TABLE 1. IC key figures

| Technology                                                                                                         | 0.18 μm CMOS, 1.8 V core, 3.3 V I/O                                                                             |                               |                            |
|--------------------------------------------------------------------------------------------------------------------|-----------------------------------------------------------------------------------------------------------------|-------------------------------|----------------------------|
| Nominal clock frequency                                                                                            | 20 MHz                                                                                                          |                               |                            |
| Package                                                                                                            | 160 pin PQFP                                                                                                    |                               |                            |
| Equivalent gate count active in receive mode active in transmit mode equalizer FFT RAMs                            | 431,000 = 100 %<br>416,000 = 96.5 %<br>79,000 = 18.0 %<br>270,000 = 62.6 %<br>42,000 = 9.7 %<br>78,000 = 18.1 % |                               |                            |
| Die size                                                                                                           | 20.8 mm <sup>2</sup>                                                                                            |                               |                            |
| Measured power dissipation<br>in IEEE mode at 20 MHz<br>in transmit mode<br>in receive mode<br>in programming mode | 3.3 V I/O<br>156<br>66<br>35                                                                                    | 1.8 V core<br>43<br>146<br>81 | Total<br>199<br>212<br>116 |

The transmit delay is 150 cycles from data input to preamble output.
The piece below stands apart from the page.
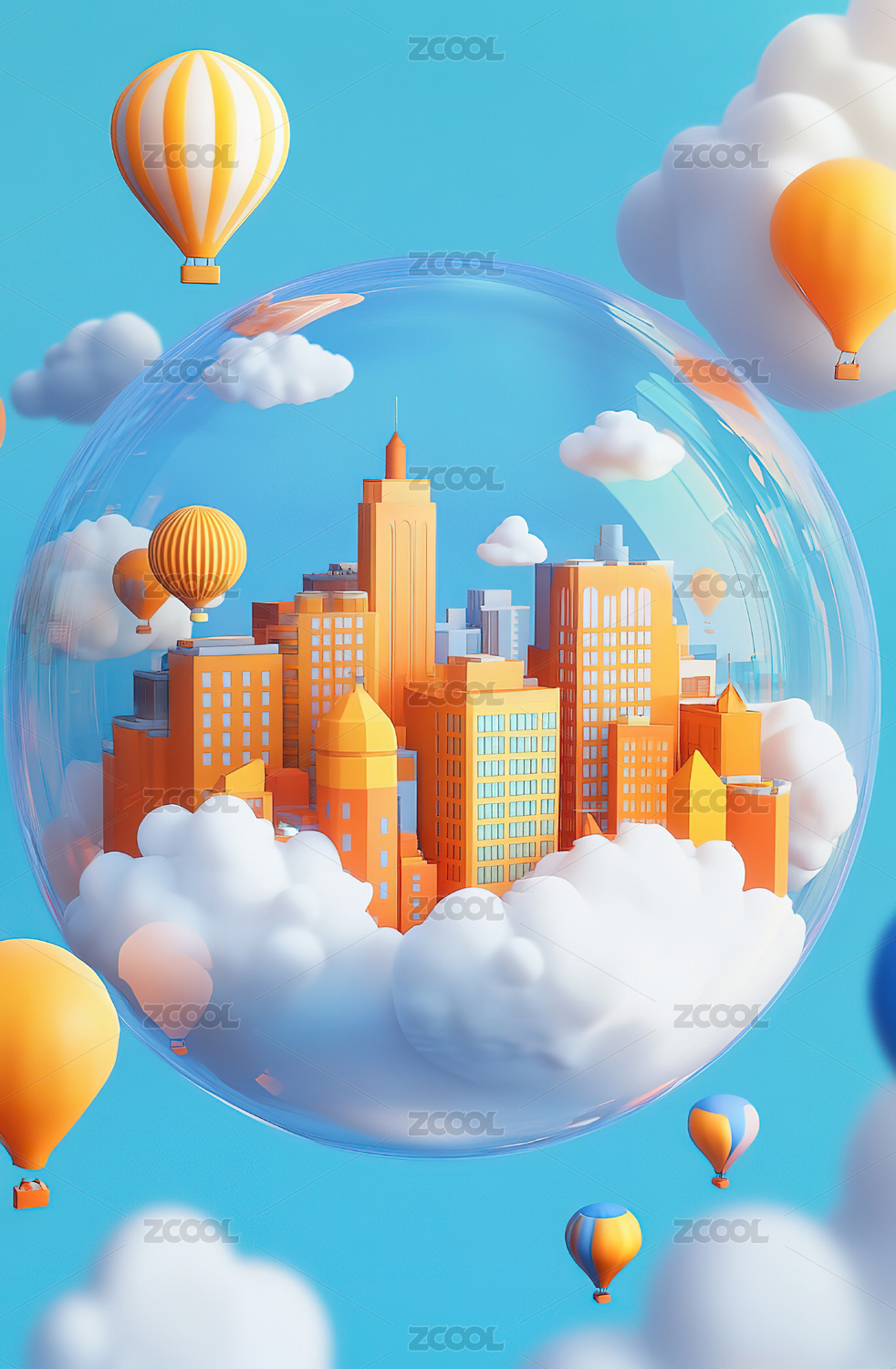 无人,户外,热气球,云,热,插画,庆祝,节日,飞艇,天空

The receive delay is 243 cycles from payload input to data output. The essential figures of the IC design are summarized in Table 1 and Fig. 2 shows the layout of the chip.

## C++ based design flow

The demands of high-speed modems in terms of delay, area, and power dissipation are approaching the technological limits. Therefore, a joint optimization of algorithm and architecture is required to come to a feasible solution. Many of the blocks in the OFDM architecture are flexible to be able to accommodate several (sometimes emerging) standards. Investigation of reasonable parameter ranges and their interdependencies requires a fast high-level simulation model. On the other hand, the architecture must eventually be implemented in silicon and, consequently, a smooth path from the high-level simulation model towards a synthesizable RT-level description is vital. In this process, architectural exploration must be maximally supported.

The OCAPI technology supports the gradual refinement of an object-oriented C++ model starting from behavioral code. Its application to the design of the OFDM transceiver consists of several phases:

- Behavioral description of the algorithm using a set of class libraries to express data-flow semantics;
- Design partitioning in which functionality is being grouped in larger entities to be mapped onto single hardware units.
- 3. Scheduling of the operations inside each entity to get a clock cycle-true description and formal mapping to finite-state machines (FSMs) and signal flow graphs (SFGs) resulting in a register-transfer description;
- Automatic generation of synthesizable RT-level VHDL code.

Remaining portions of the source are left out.